All you need:
- 4 medium-sized potatoes, diced
- 1 tbsp vegetable oil
- 1 (12 oz) package salt pork, skin removed and diced
- 1 pound butter
- 2 onions, diced
- 4 stalks celery, diced
- 2 cups flour
- 1 quart clam juice (Note: You can use the clam juice strained from your clams)
- 1 quart whole milk
- 2 tbsp salt
- 1 tsp pepper
- 1 tbsp Worcestershire sauce
- Tabasco sauce, to taste (5-10 drops)
- 2 cups Responsible Choice clams, chopped
All you do:
- Add diced potatoes to a pot, and add just enough water to top the potatoes. Boil until tender, then keep potatoes in the water but remove from heat.
- Heat vegetable oil over medium heat add salt pork and render out fat for 10 to 15 minutes, or until slightly brown.
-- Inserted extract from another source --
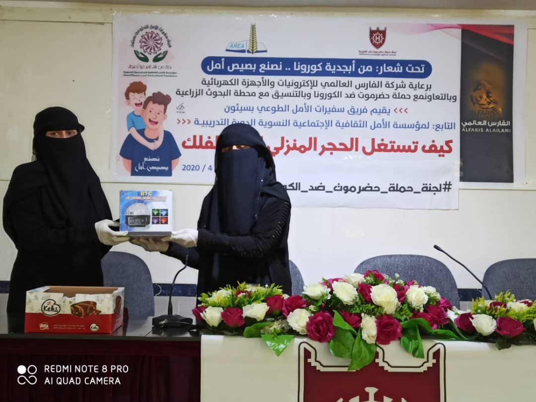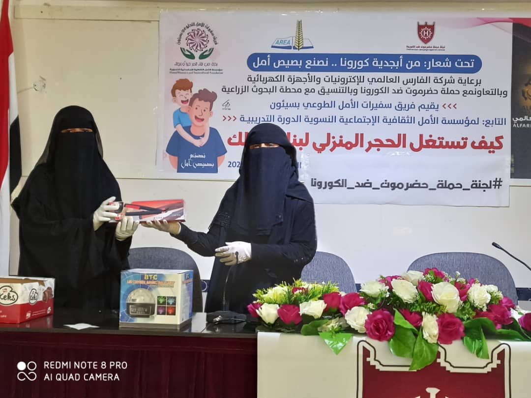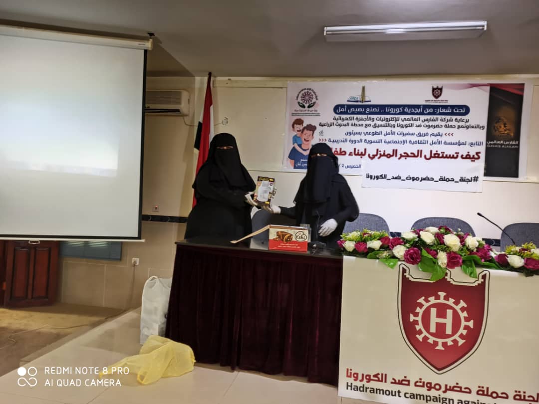 عقدت صباح اليوم بقاعة الفقيد عبدالله السبايا بمدينة سيئون الدورة التدريبية حول كيفية استغلال الحجر المنزلي لبناء طفلك للآباء والامهات بمدينة سيئون تحت شعار [ من أبجدية كورونا .. نصنع بصيص الأمل ] والتي نظمها فريق سفيرات الأمل الطوعي بسيئون التابع لمؤسسة الأمل الثقافية الاجتماعية النسوية , بدعم وتمويل المؤسسة وبالشراكة مع شركة الفارس العالمي للإلكترونيات والاجهزة الكهربائية وبالتعاون مع حملة حضرموت ضد الكورونا وبالتنسيق مع محطة البحوث الزراعية.

- To the salt pork pan, add butter, onions and celery. Cook for 20 minutes or until onions are translucent.
- Add flour and cook for 5 minutes. Add 1/2 quart of clam juice and stir constantly until thick. Add remaining clam juice.
- Add milk and potatoes, including the water used for boiling.
- Cook mixture for 20 minutes, stirring occasionally so as not to let mixture stick to the bottom. If the soup starts to stick, take off heat and let rest for 10 minutes, then resume cooking. Soup will taste starchy if not fully cooked.
- Add salt, pepper, Worcestershire sauce, Tabasco sauce and Responsible Choice clams. Simmer for 5 more minutes. Serve with crackers and salted butter.